A journal is a gathering place for all of our observations and discoveries about life. It’s our own handwritten transcript that captures our experiences, ideas, desires and conclusions about the people and the events that have touched our lives. The past, when properly documented, is one of the best guides for making good decisions.
The very act of writing about our lives helps us think more objectively about our actions. Writing tends to slow down the flow of information and gives us time to analyze and ponder the experience. The intense scrutiny of journal writing can enable us to make refinements in our philosophy that are truly life-changing.
Jot down what you learn and be a buyer of empty books. It’s the small disciplines that lead to great accomplishments.
5. Observe and listen.
Pay attention during your day, watch what’s going on. Surround yourself with people you respect and admire. Find people whose personalities and achievements stimulate, fascinate and inspire you, and then strive to assimilate their best qualities. This is called the skill of selecting. Don’t waste your time on the silly and the shallow.

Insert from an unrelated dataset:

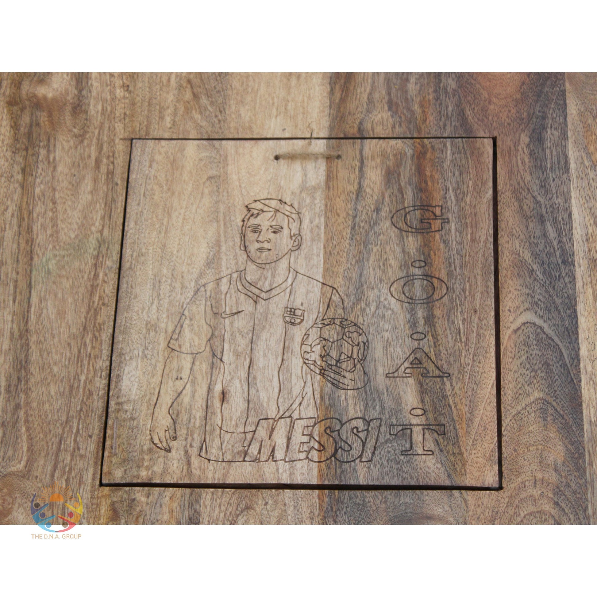 Round Drum Coffee Table Laser Engraved Messi Face, FIFA World Cup Center Table for Football Lovers, Farmhouse Elegant Storage End Desk Wood.

One of the major reasons people don’t do well is because they keep trying to get through the day while a more worthy cause is to get from the day. We must become sensitive enough to observe and ponder what is happening around us. Be alert. Be awake. Often the most extraordinary opportunities are hidden among seemingly insignificant events.

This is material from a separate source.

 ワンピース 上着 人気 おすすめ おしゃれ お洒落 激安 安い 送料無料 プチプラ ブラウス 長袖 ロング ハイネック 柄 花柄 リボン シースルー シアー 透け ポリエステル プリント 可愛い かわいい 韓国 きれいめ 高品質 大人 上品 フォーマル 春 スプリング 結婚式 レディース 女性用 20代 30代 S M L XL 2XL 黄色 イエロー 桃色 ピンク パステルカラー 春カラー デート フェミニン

Be a good listener. Find a voice of value and stay for a while. With so many voices vying for your attention, you need to develop the skill of selective listening and only dial into the radio station that appeals to you. If a voice is not leading to the achievement of your goals, exercise caution in how long you listen.
6. Be disciplined.
Every day is filled with dozens of personal crossroads, moments when we’re called upon to make a decision regarding minor as well as major questions. These decisions chart a path to a future destination. With careful mental preparation, we can make wise choices.

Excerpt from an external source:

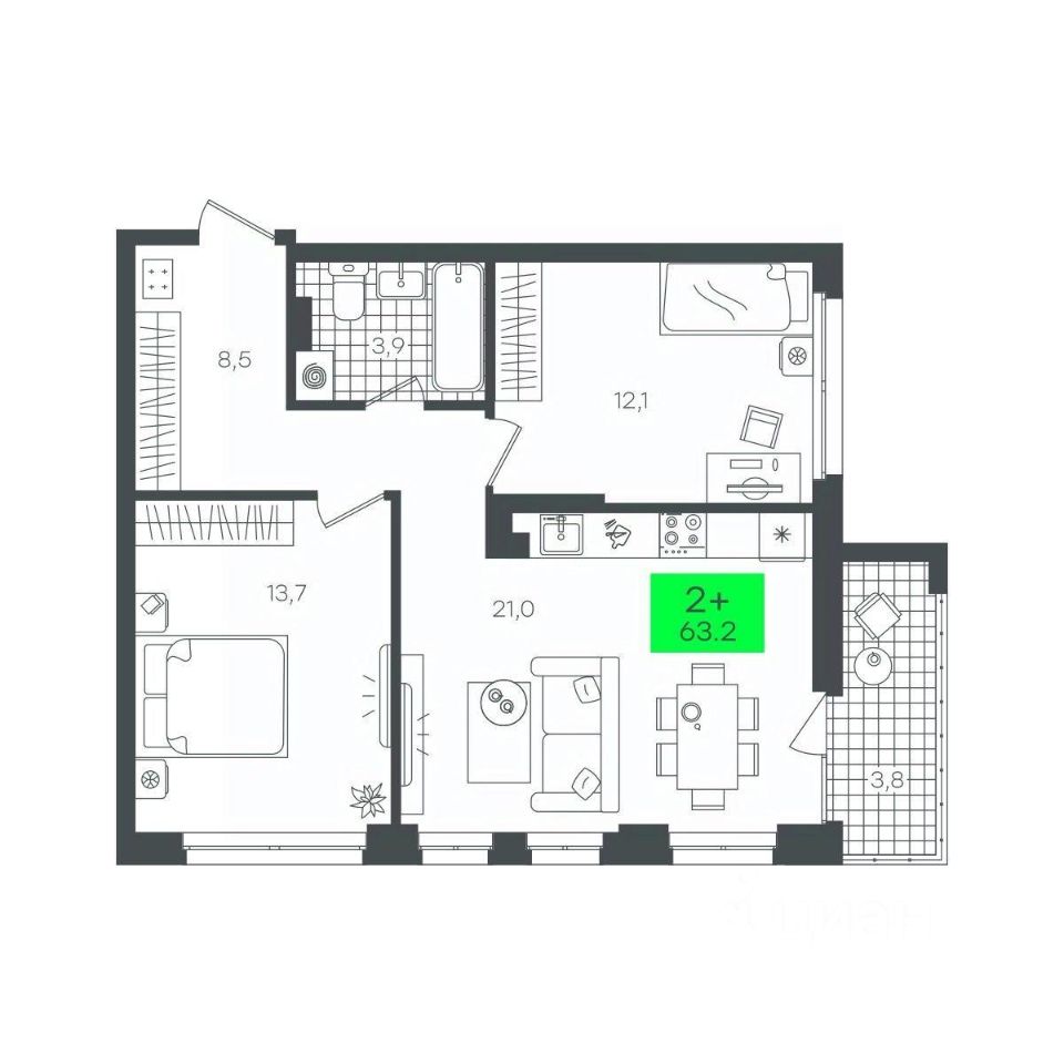 продам 2-к, Василия Малкова, гп 17 410 000 ₽

The development of a sound philosophy prepares us for making sound decisions. When we eat healthy foods, we experience positive results in a short time. When we start exercising, we feel a new vitality almost immediately. When we begin reading, we experience a growing awareness and a new level of self-confidence.
New disciplines practiced daily will produce exciting results. The magic of new disciplines causes us to amend our thinking.
7. Don’t neglect.
Neglect is the major reason people don’t have what they want. If you don’t take care of things in your life, neglect becomes a disease. If you neglect to do good things with your money, you probably neglect to do good things with your time. If you don’t know what’s going on with your health or your bank account, you could be at risk.
Set up new disciplines to change your life. Don’t neglect. Everything is within our reach if we will read books, use journals, practice the disciplines and wage a new and vigorous battle against neglect.
Build your philosophy. Commit yourself to a new journey and say, I’m going to change my life. Once you do, you’ll never look back.